By Joseph Magero, Campaign for Safer Alternatives.
As the world marks International Youth Day today, the United Nations Office on Drugs and Crime calls on the youth to take charge of their health and future. Drug use among young adults has been linked to negative health and social outcomes in later years.
In order to achieve the Sustainable Development Goals (SDGs), it will require that state parties take appropriate measures to protect this age group from the illicit use of drugs. However, the war on drug use often trumps young people’s rights.
Harm reduction, or minimization, refers to a philosophy and set of practices that acknowledge that substance use – be it alcohol, drugs, or cigarettes – is a part of life. It aims to reduce the negative harmful effects of substance use, rather than simply ignoring or condemning it. Decades of evidence have revealed that many harm reduction strategies are highly effective in decreasing tobacco use, preventing overdose, and reducing other sources of morbidity and mortality among people who use substances, including young adults who use illicit drugs.
Most young adults feel that existing harm reduction programs are too narrow in scope and do not address the full spectrum of concerns that affect their substance use, such as mental health issues, family and peer relationships.
Drug use programs for the youth and educational strategies are frequently informed by prevention approaches that emphasize abstinence, which often does not resonate with youth in their lack of acknowledgment of young people’s social context and how young people perceive the positive effects of substance use. Further, approaches to drug use prevention have been critiqued as adopting a one-size-fits-all approach and therefore inadequate in addressing drug use in the context of population variation and inequities. Harm reduction services, such as syringe services programs, overdose education, naloxone distribution, fentanyl test strips and electronic cigarettes, help reduce poor health outcomes and deaths from substance use in adults.
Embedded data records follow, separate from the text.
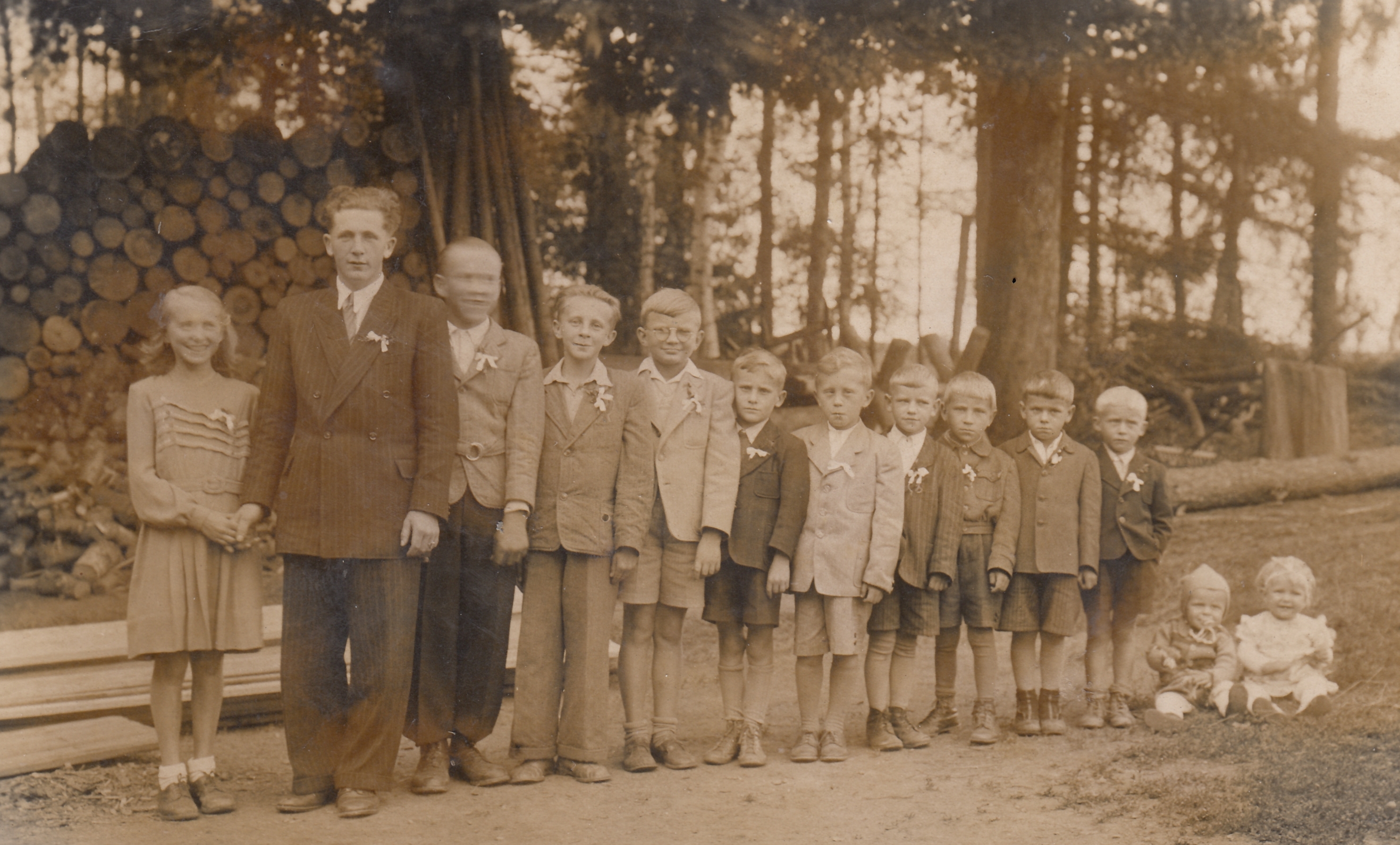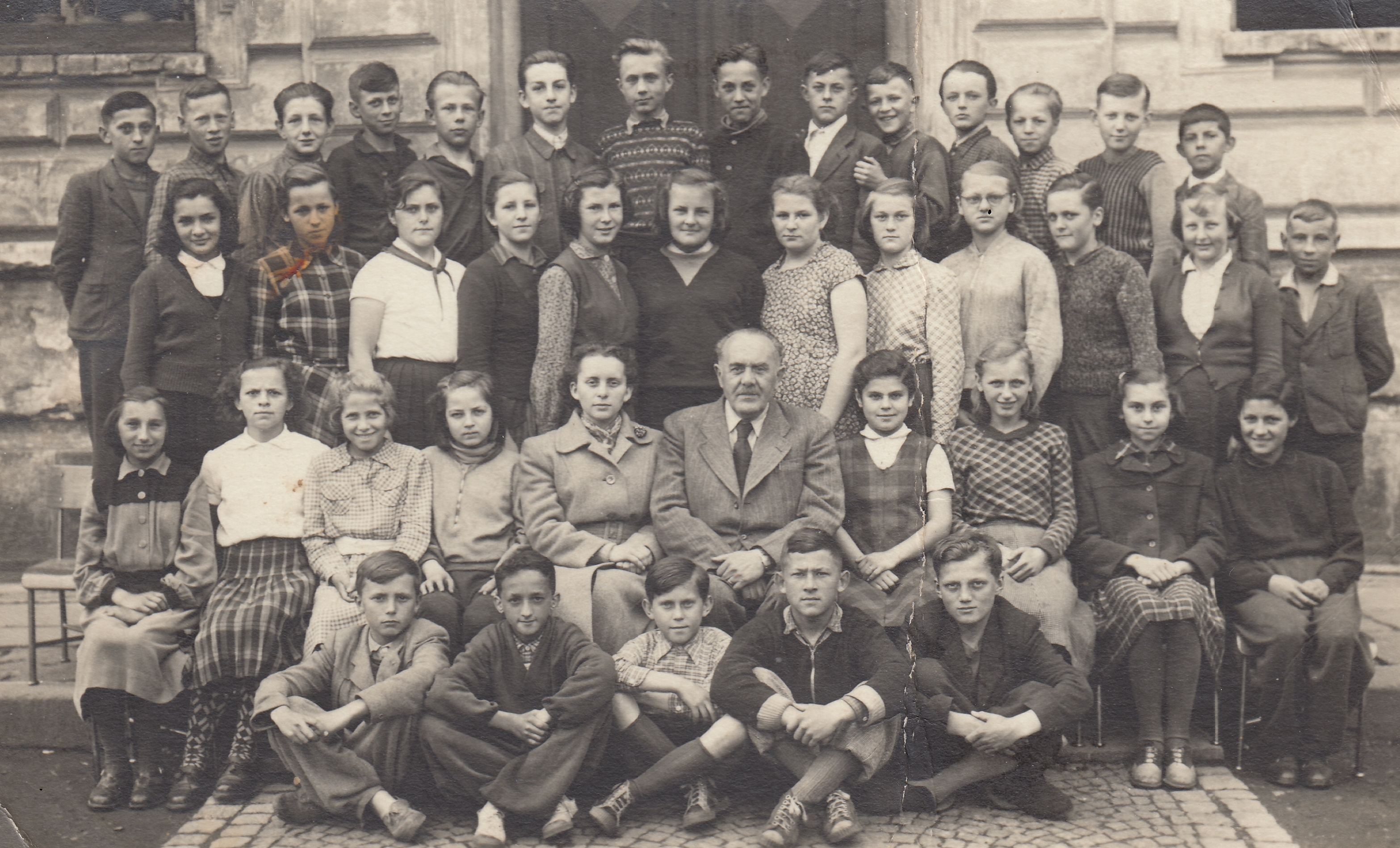 Photograph for the anniversary of ten years of the Infant Institute Luhačovice, Stanislava Petrželkova sitting in the bottom row, second from the left, fifth from the left the head of the Institute MUDr. Marie Damborská, CSc., 1964
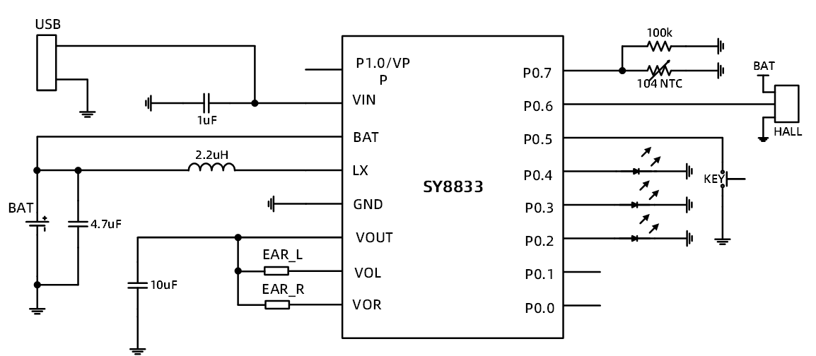 SY8833是專門為TWS耳機(jī)充電倉設(shè)計的全集成SoC芯片。SY8833內(nèi)部集成了兼容8051指令集的CPU,256字節(jié)RAM, 4k字節(jié)OTP程序存儲區(qū),多通道10位ADC,9個GPIO,一個線性充電模塊,一個Boost升壓模塊和兩個獨立放電控制MOS管。
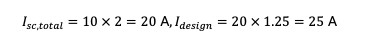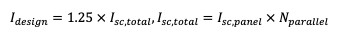 ต่อมาคือการคำนวณ กระแสออกแบบ (Design Current) สำหรับการเลือก OCPD (Overcurrent Protection Device) โดยคูณกระแสรวมของสตริงด้วย 1.25 ตามมาตรฐาน NEC เพื่อเผื่อโหลดต่อเนื่องและความปลอดภัยของสายไฟ
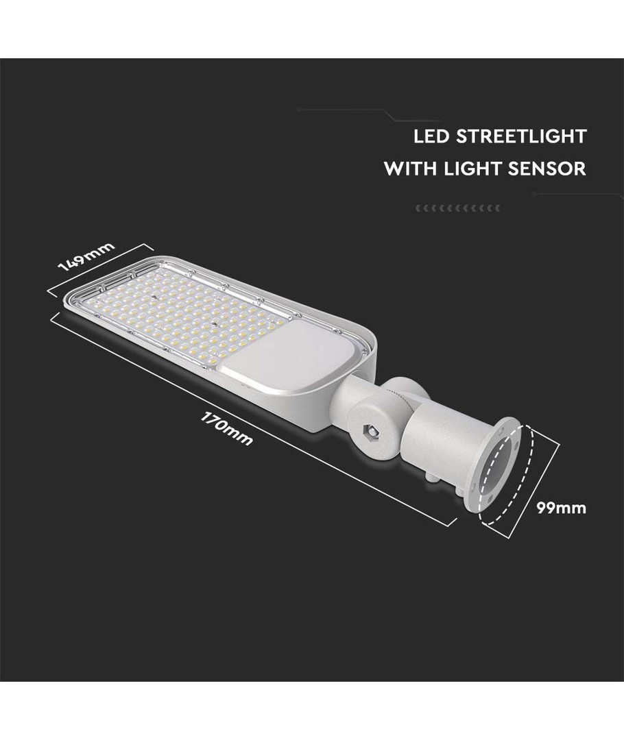 50W straatlamp met ingebouwde schemersensor, zodat het licht automatisch aan- en uitgaat.

Yet few of these programs are designed around young people's needs, and most exclude them altogether.
Successful harm reduction models which provide overdose services and HIV prevention to adolescents and young adults exist. Electronic cigarettes serve as a safer alternative that reduces health-associated risks. While some critics have argued that electronic cigarette use is a gateway to smoking, the opposite is true. E-cigarettes provide a gateway from smoking and have been used by millions of smokers to reduce the health risks associated with tobacco consumption.
A recent analysis of trends in nicotine use in England suggests that the so-called gateway theory of vaping is not the explanation. The real reason for the link could be that young adults who start vaping are the same ones who are likely to try smoking, regardless of whether they ever have an e-cigarette. Clinicians risk limiting engagement opportunities and losing young patients' trust by focusing on abstinence-based messaging. Harm reduction programs that are available, too often exclude young people, even though there's no evidence-based or scientific reason for those age limits.
But even when legally available services are provided, many youths stay away from programs that primarily serve adults. Barriers include avoidance of law enforcement, mistrust of adults in authority, and a fear of being around older adults who use substances. There is a need for legal and policy frameworks relating to drug use and service delivery to be reviewed and amended to remove barriers so that young adults can realize their right to health and easily access available products and services. While removing age limits on harm reduction services is a good start, what's needed is programming designed to meet the needs of youth from the ground up and is sensitive to young people's intersecting identities.
By creating more youth-centred programs and offering harm reduction services, policymakers and care providers can save lives and create more entry points into treatment and healthcare for young people who use drugs. Failing to find solutions represents a missed opportunity to protect and improve the health of the next generation of youth across the world.